Approach & Methodology

World Compendium of Healthcare Facilities and Nonprofits Organizations is an outgrowth of the Virtue Foundation Actionable Data Initiative. Harnessing advancements in technology and machine learning, the Foundation has created a first-of-its-kind mapping-and-matching global health platform for local nonprofits and healthcare organizations.


This compendium represents the first product of this initiative, providing a curated view of demand-side data and enabling volunteer medical professionals, governments, and stakeholders to better identify where healthcare services are available and additional resources are needed. Each of the 72 chapters presents a brief country overview, a map depicting the locations of healthcare facilities, and a curated list of nonprofit organizations and healthcare facilities. Unique URLs associated with each listing link back to the web platform, providing access to further information about the organizations as well as the ability to interact with the data in a customizable manner.
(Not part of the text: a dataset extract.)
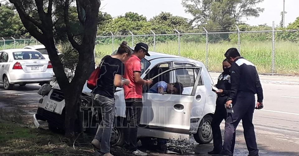 Perdió el control de su auto y se estampó con un pino en Tampico

Nonprofit Data Collection and Curation

Using specific keywords and medical specialty descriptors, a pipeline for querying and identifying nonprofit websites was created for targeted regions. Forty-three separate medical specialties, 7 generic terms, and 4 nonprofit keywords were applied to produce a total of 14,288 unique query combinations and executed on various search engines and social media platforms. This resulted in 2,734,535 candidate nonprofit web pages that were subsequently indexed using custom crawlers built with open-source Python libraries as a distributed Spark application, running on parallel workers on Amazon Web Services. This list was complemented with known public resources, such as the United Nations database for NGOs.


A Decision-Tree Script for Extracted Nonprofit Website Domains

A decision-tree script extracted the domains, deduplicated web pages, and created a recursive multilevel indexing tree, identifying 167,457 unique candidate nonprofit websites. Further data including contact information, donation links, and other metadata, were captured using regular expressions and pattern matching techniques. To minimize the likelihood of collected websites not representing an actual healthcare nonprofit organization and to minimize noise, machine learning methods were employed to filter the data.


Pipeline for Filtering Candidate Nonprofit Web Pages

A training set of 11,877 websites was thus manually labeled by the Virtue Foundation volunteer team. An auto-tuned word N-Gram text modeler, using token occurrences, and optimized for sensitivity over precision, achieved best performance on this training set. In addition to being able to predict whether or not a website represents a nonprofit, the classifier was also able to determine whether the organization’s activities were concentrated on healthcare. The inference process applied to the 167,457 candidate websites returned 11,119 organizations as healthcare nonprofits. Predicting whether a nonprofit was involved in healthcare proved challenging, as numerous healthcare-related websites belonging to educational organizations, publications and for-profit entities have a high likelihood of being incorrectly classified as providing healthcare. Therefore, all 11,119 organizations underwent further manual review to establish legitimacy, identify healthcare services provided, confirm countries of activity, and find additional relevant information. At completion, the total number of nonprofit organizations was narrowed down to 3,174. Due to space constraints, only 2,292 nonprofit organizations were ultimately included in the book, based on their quality and relevance. The companion online platform provides a more comprehensive and regularly updated dataset.

Healthcare Facility Data Collection and Curation

Healthcare facility data was primarily sourced from the OpenStreetMap humanitarian data layer. Given the abundant, and at times outdated, hospital listings in the OpenStreetMap dataset, uniform filtering based on building footprint, facility name, and online presence was applied to limit the data to hospitals and facilities with the highest impact and capacity. Area-based filtering was employed to exclude buildings too small to be a hospital based on square footage. Keyword filtering was then used to exclude non-hospitals on name (e.g., “health post”), factoring for linguistic differences.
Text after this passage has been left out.